Alle klokken, tot op die van mijn fornuis, en mijn horloge een uurtje achteruit gezet. De eerste wintertijdochtend ging het goed, dacht ik. Maar de maandag daarna niet. Ik stond op in de vroege ochtend. Mijn hele leven al een ochtendmens. Niks aan de hand, hoewel ik het wel nog erg donker vond en erg stil in mijn straat. Nog geen bouwvakkersbusje te horen. Gedoucht en aangekleed de trap af. Alweer geen krant in de bus, stelde ik geïrriteerd vast. Dan maar het nieuws op de radio aan. Na een tijdje dacht ik: verkeerde zender want het interview over de geschiedenis van Amsterdam hield maar niet op. Andere zender geprobeerd. Weer geen nieuwsprogramma. En nog steeds pikdonker buiten. Onzin die wintertijd, dacht ik chagrijnig, afschaffen maar.
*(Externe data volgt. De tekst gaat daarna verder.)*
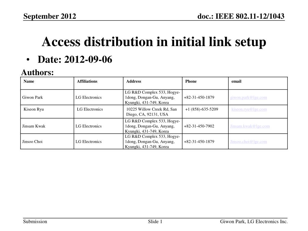 Access distribution in initial link setup Authors: • Date: 2012-09-06 Giwon Park, LG Electronics Inc.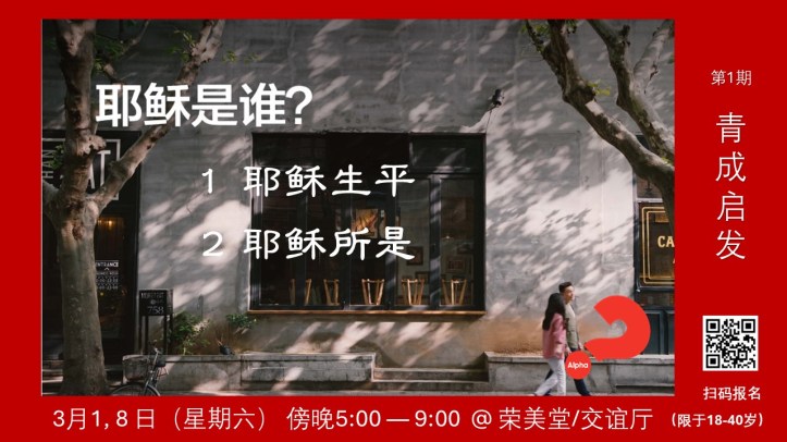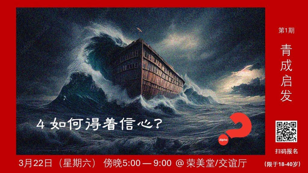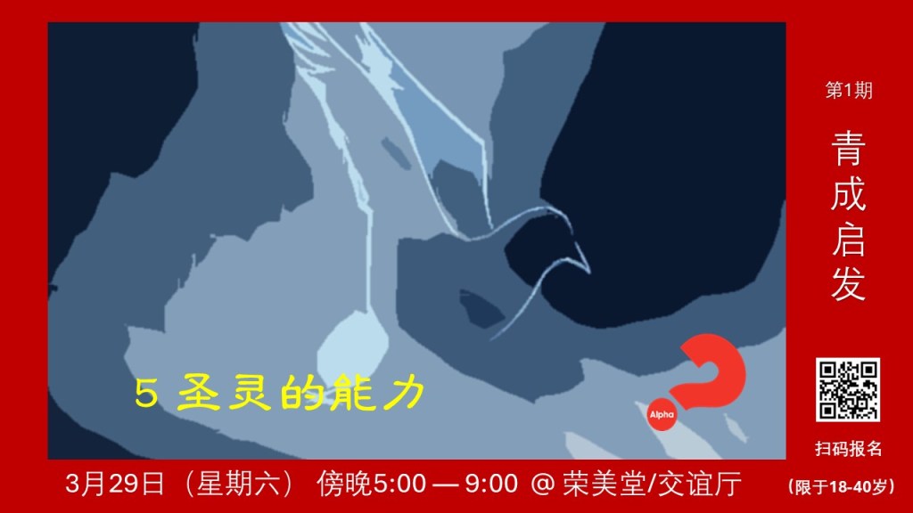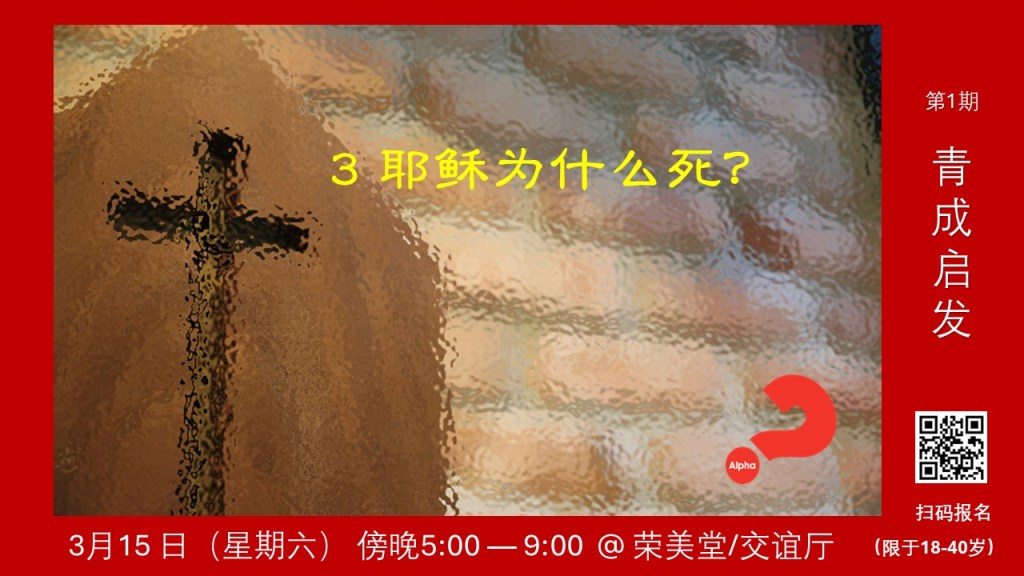 今年 3 月将举办第 1 期青成启发, 结合周六崇拜及后续时间(傍晚 5点—9 点,共 5 讲),崇拜讲台息围绕启发的四个重要主题,之后接续晚餐、视频(或见证)及讨论。

Langzaam maar zeker ontstond toch het gevoel dat er iets niet klopte. Dat donker, de krant die er niet was, die stille straat, de kat die maar doorsliep op zijn kussen bij de verwarming… Dan maar het nieuws op mijn telefoon lezen, besloot ik. Ik klapte mijn telefoonhoesje open en na een druk op het aan-knopje verscheen de tijd. Ik ben best een net mens, maar ik ken ook een paar vloeken. Die schalden door de kamer. Wekkerradio naast mijn bed vergeten. Die stond nog op de zomertijd.
Wintertijd. Onzin, afschaffen! Bovendien is het nog herfst.